The Giant Magellan Telescope holds great promise for young Australian astronomers

You might not immediately think of Australia as a country of astronomers, but when you look at the quality and quantity of our scientific publications on a per capita basis, we are one of the highest ranking nations in the world in this area. But until recently there has been a disturbing downward trend in the facilities available to Australian astronomers. It’s not that our telescopes are becoming fewer or smaller, it’s that the rest of the world is building bigger and better instruments. However, a recent government decision to fund Australian partnership in the Giant Magellan Telescope will guarantee our astronomers a 10% share in what will be by far the largest and most powerful telescope the world has ever seen.

With seven giant 8 metre mirrors the effective aperture of GMT will be a staggering 22 metres enabling it to collect almost ten times the light of current generation super-telescopes. The large aperture coupled with advanced adaptive optics will also enable the GMT to achieve very high-resolution images of the cosmos. But straight imaging of the universe is only a small part of the science mission of the GMT. The vast majority of its time will be spent directing the light it collects into an array of specially designed instruments. One of these, the GMT Integral Field Spectrograph (GMTIFS), is being designed at the ANU Research School of Astronomy and Astrophysics.

Spectroscopy (splitting light into its component colours) has been of fundamental importance to astronomy for more than a century. It enables astronomers to determine the chemical composition of stars and nebulae by studying the sharp emission and absorption lines present in starlight. Because motion Doppler shifts the frequency of these lines – in the way the pitch of a moving siren can be heard to change – they can also be used to measure the velocities of stars and rotation of galaxies.

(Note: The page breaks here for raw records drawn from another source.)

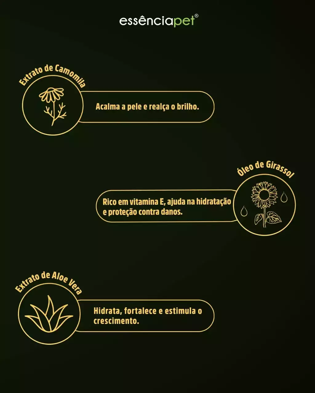 Extrato de Aloe Vera: Hidrata, fortalece e estimula o crescimento.
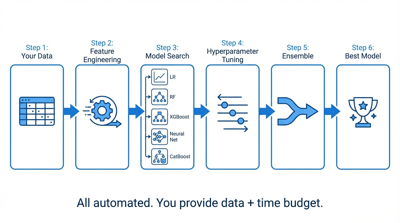 | AutoML | Automates model selection + tuning + ensembling |
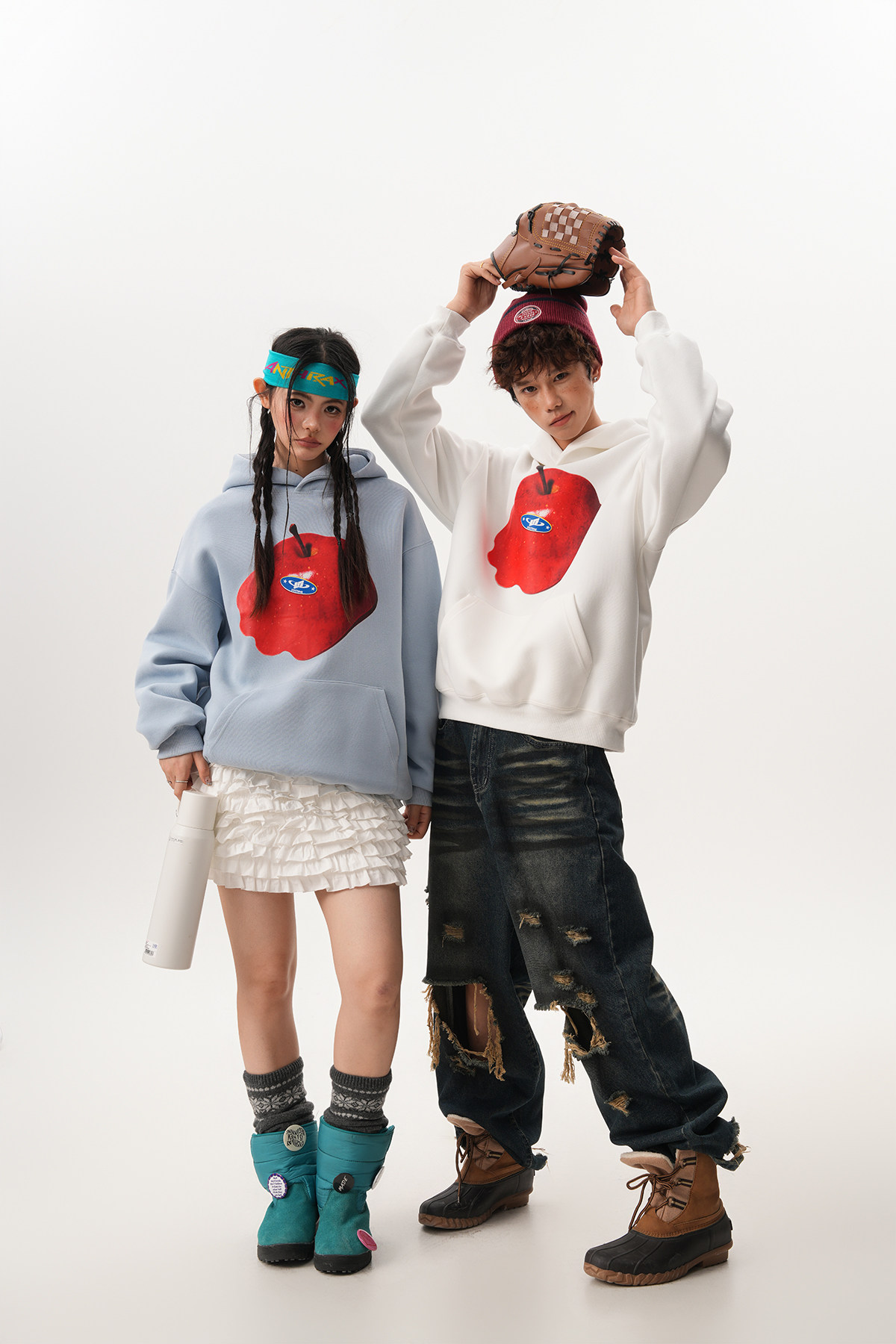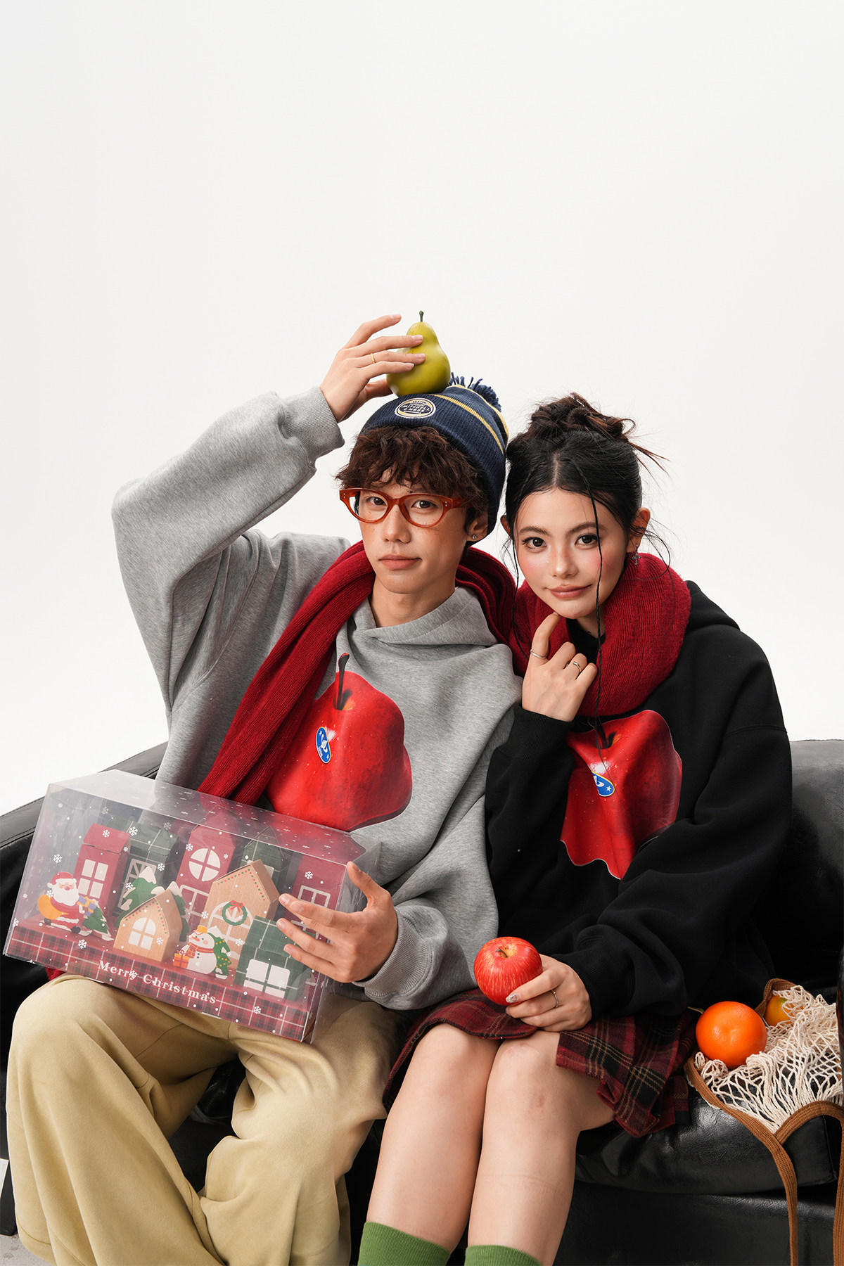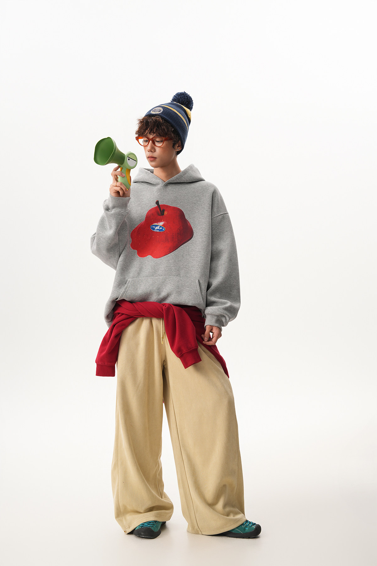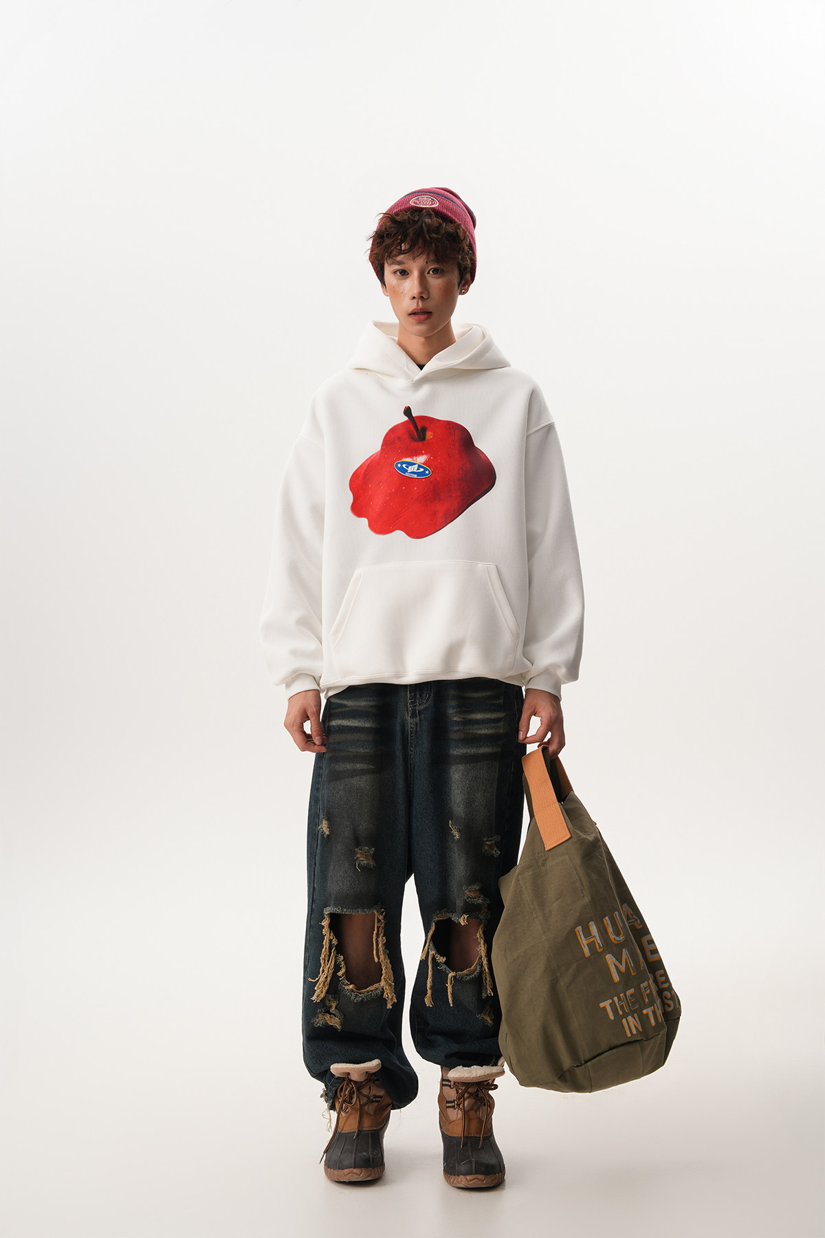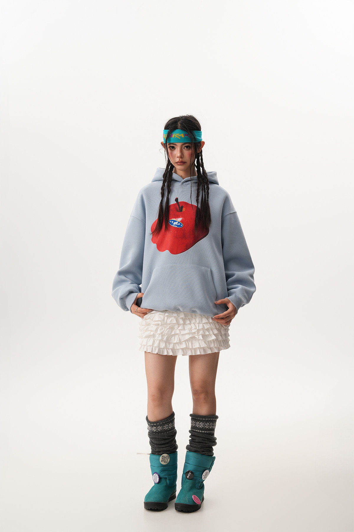 【60%OFF⭐️先行スタート!】【トップス】アップルプリント 男女兼用 ゆったり カジュアル パーカー【FCシリーズ】
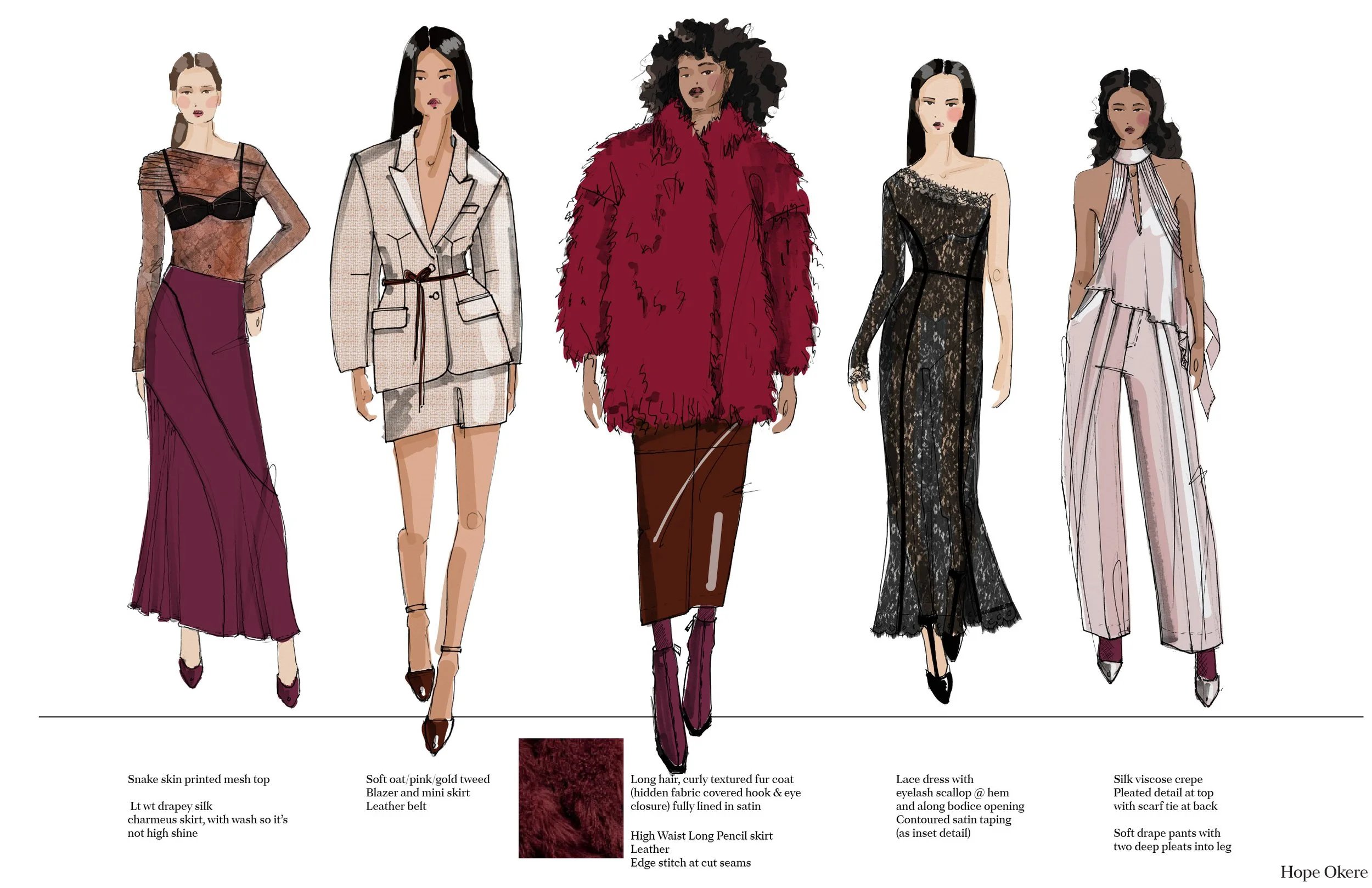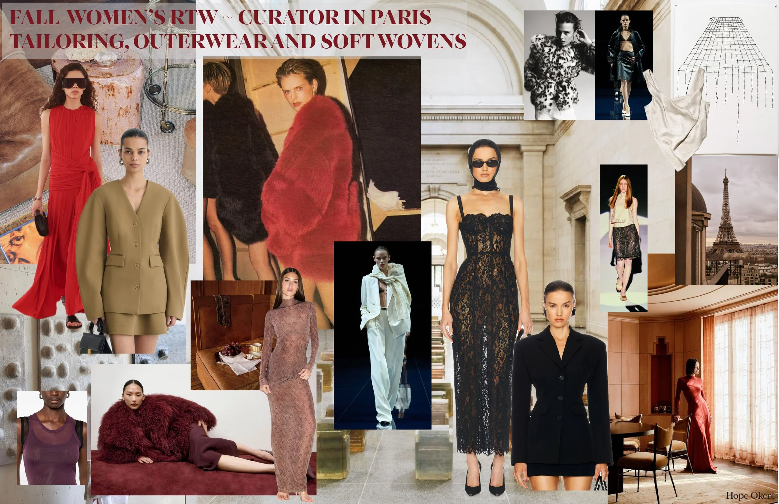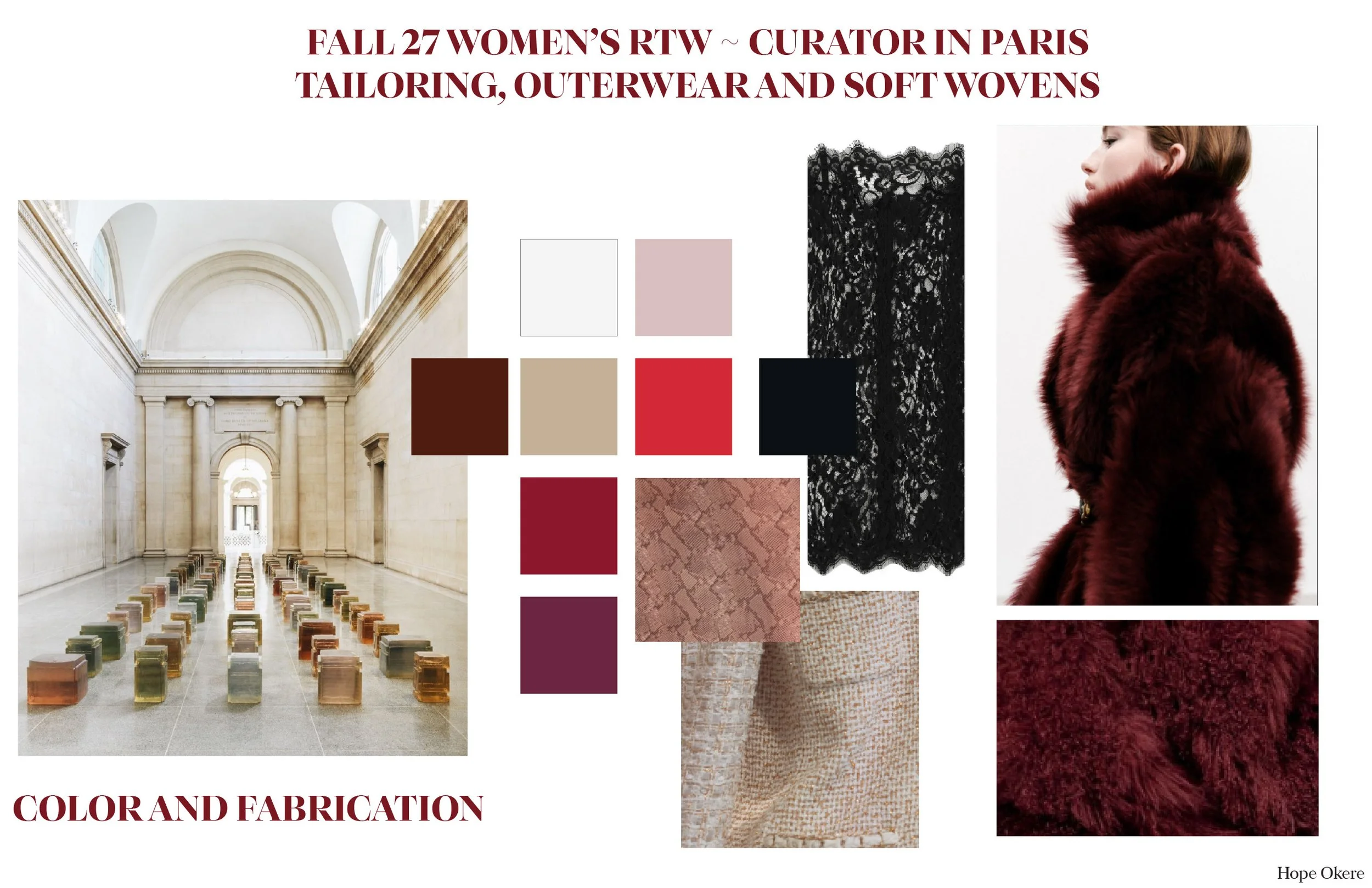 A Fall collection of tailoring, outerwear, and soft wovens, devoted to rich color and texture for a sophisticated woman. Looking to contemporary art for color inspiration and set against the lush architecture of Paris. A focused color palette of moodly wine and plum, bold red, and soft nude rose grounded with chic neutrals of sky white, black and tan.

In its simplest form a spectrograph places a slit at the focal plane of the telescope and disperses the light using either a prism or more commonly a diffraction grating. The problem with this design is that if you’re interested in something extended like a galaxy, it only enables you to measure the spectrum of one section through it – defined by the slit. What’s much more useful it to be able to measure the spectrum of every part of the galaxy. With a traditional spectrograph, this can be done by moving the slit across the object and combining the data. But this approach is very slow, laborious and wastes a lot of precious telescope time.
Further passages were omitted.